US control of Greenland is one of the more unusual geopolitical contracts on the board, and traders treat it as a long shot. The market pools roughly $10.9M in cumulative volume across Kalshi and Polymarket, both pricing Yes in the single digits. It asks whether the United States will acquire any part of Greenland before January 1, 2027. The live board above carries the current cross-platform prices.
US control of Greenland trades as one of the longest of long shots on the geopolitical board. The contract asks a blunt question: will the United States acquire any part of Greenland before January 1, 2027? Both Kalshi and Polymarket answer the same way, pricing Yes deep in the single digits and No in the low nineties. With roughly $10.9M in cumulative volume across the two platforms, this is a heavily traded question with a lopsided answer. The live board above shows the current cross-platform prices.
The US Control of Greenland market resolves on a single real-world outcome: whether the United States takes control of any part of Greenland before the deadline. Greenland is an autonomous territory of the Kingdom of Denmark, and any transfer of control would require either a negotiated agreement with Denmark and Greenland's own government or a far more dramatic and far less likely event. Nothing in the current diplomatic picture points toward either path.
That is why the price sits where it does. A Yes in the single digits means the market assigns the outcome a low probability, a classic long-shot read. Prediction markets are efficient at pricing base rates for events with no modern precedent, and a sovereign territorial transfer between NATO allies has none. The volume says traders find the question interesting. The price says they do not find the outcome likely.
The cross-platform picture is the edge on this contract. Kalshi and Polymarket both list the market, and their Yes prices sit within a few cents of each other, a narrow spread for a question this speculative. Tight agreement across two independent order books signals that the low probability is not a quirk of one platform's thin liquidity. It is a shared read.
When two venues converge this closely on a long shot, there is little cross-platform arbitrage to capture. The movement that matters would come from a genuine catalyst, a diplomatic development or a policy announcement, that forces both books to reprice at once. Until then, the narrow spread is a confirmation signal, not a trade. Check the live board above for the current Kalshi and Polymarket prices side by side.
The US Control of Greenland market resolves Yes if the United States acquires any part of Greenland before January 1, 2027. If no such acquisition occurs by that deadline, the market resolves No. Resolution turns on a verifiable transfer of control or sovereignty over Greenlandic territory, reported through official government or major news sources, not on a proposal or a statement of intent. The contract pays $1 per share to the correct side. Absent a confirmed acquisition, the default path is a No resolution.
Several developments would move the US Control of Greenland market before it resolves:
Greenland sits inside a broader cluster of geopolitical contracts that trade on the same board. For other long-dated territorial questions, see the China invade Taiwan odds and the US invade Iran odds, both of which price rare, high-impact events the same way this one does. For the domestic politics that shape US foreign policy, the 2028 US Presidential Election odds is the highest-volume contract on the site. Browse the full slate of politics prediction markets to compare cross-platform pricing across every active contract.

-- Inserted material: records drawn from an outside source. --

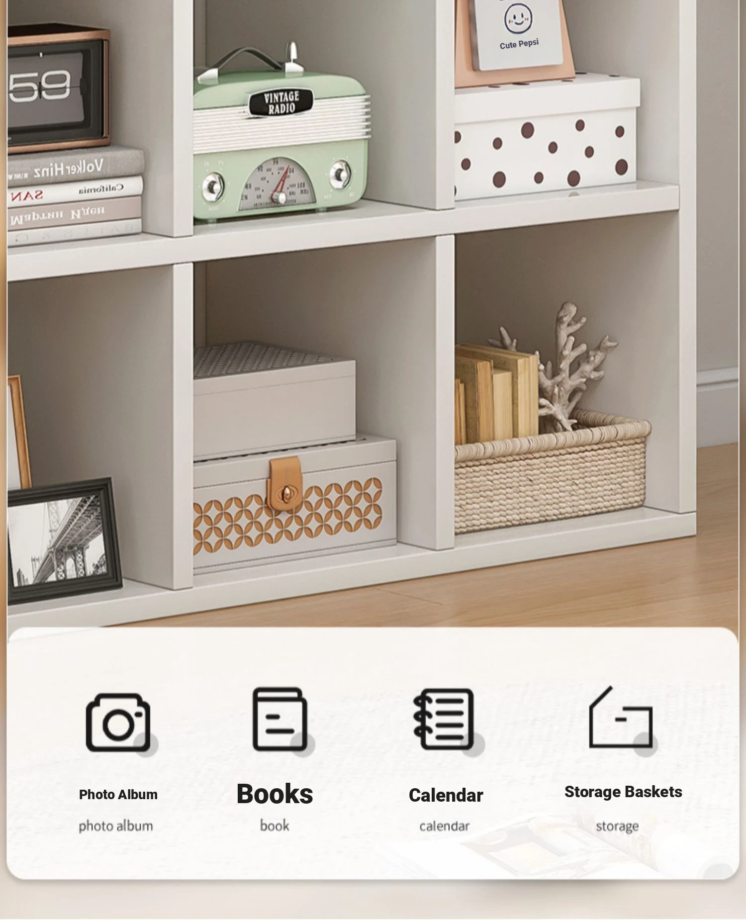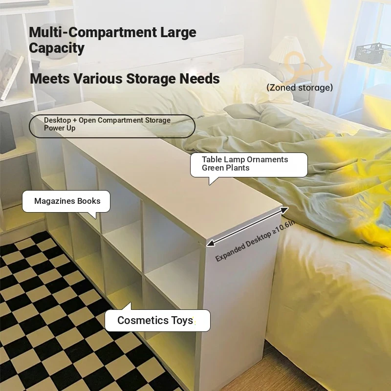 Cream Style Half-Enclosed Nightstand - Versatile Bookshelf and Storage Cabinet for Bedroom, Wall-Mounted Organizer and Room Divider, Perfect for Stylish Home Décor and Efficient Space Management.
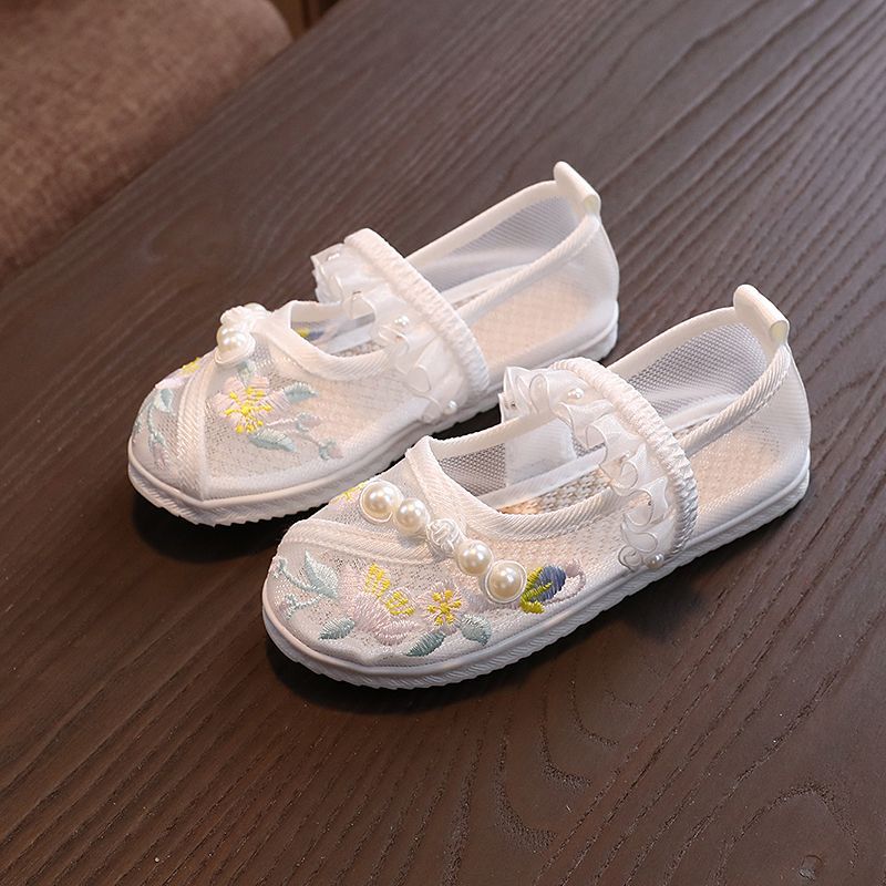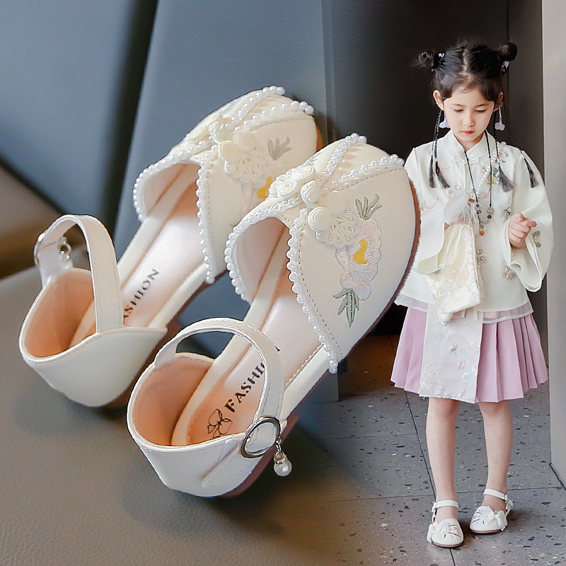 女の子の漢服靴2024新型夏の子供と馬のスカートの靴のサンダルの女性の宝の国風の刺繍の靴の古風
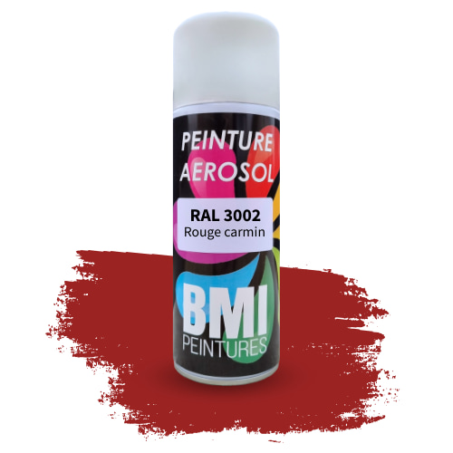 Peinture aérosol monocouche, RAL 3002 Rouge carmin anticorrosion, à séchage rapide et avec une bonne résistance aux intempéries.
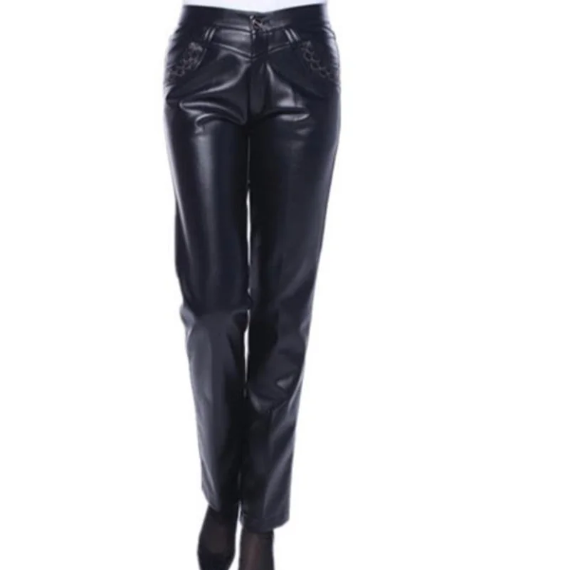 Брюки кожаные, с высокой талией, большие размеры, 9xl
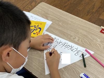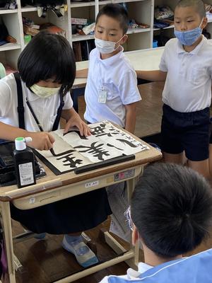 習字で「元気」と書き、みんなに見せてくれました。終わった後に話を聴くと、「緊張した~」と答えてくれました^^!全員は紹介できませんが何人か紹介します。

Resolves Yes if the United States acquires control of any part of Greenland before January 1, 2027, confirmed through official government announcements or major news reporting. If no such acquisition occurs by the deadline, the market resolves No. Each contract pays $1 per share to the correct side. Resolution requires a verifiable transfer of control or sovereignty over Greenlandic territory, not merely a proposal, negotiation, or statement of intent. Kalshi (ticker KXGREENTERRITORY) and Polymarket word their settlement rules independently, so traders should confirm the exact language on each platform.
As of July 7, 2026, the Yes side trades at 9c on Kalshi and 6c on Polymarket, an implied probability of roughly 6% to 9%. The No side sits at 93c on Kalshi and 95c on Polymarket. See the live board above for the latest prices.
It resolves Yes if the United States acquires any part of Greenland before January 1, 2027, and No if no acquisition occurs by then. Each contract pays $1 per share to the correct side.
Both Kalshi (under ticker KXGREENTERRITORY) and Polymarket list this market. Their Yes prices sit within a few cents of each other, so the cross-platform spread is narrow.
Greenland is an autonomous territory of Denmark, a NATO ally, and a sovereign territorial transfer has no modern precedent. Both platforms price Yes in the single digits, reflecting a low base rate for an event with no diplomatic groundwork in place.
Watch for any formal US-Denmark negotiation over Greenland's status, statements from Greenland's own government, and the Kalshi-Polymarket spread. A sudden divergence between the two books would signal new information hitting one platform first before the January 1, 2027 deadline.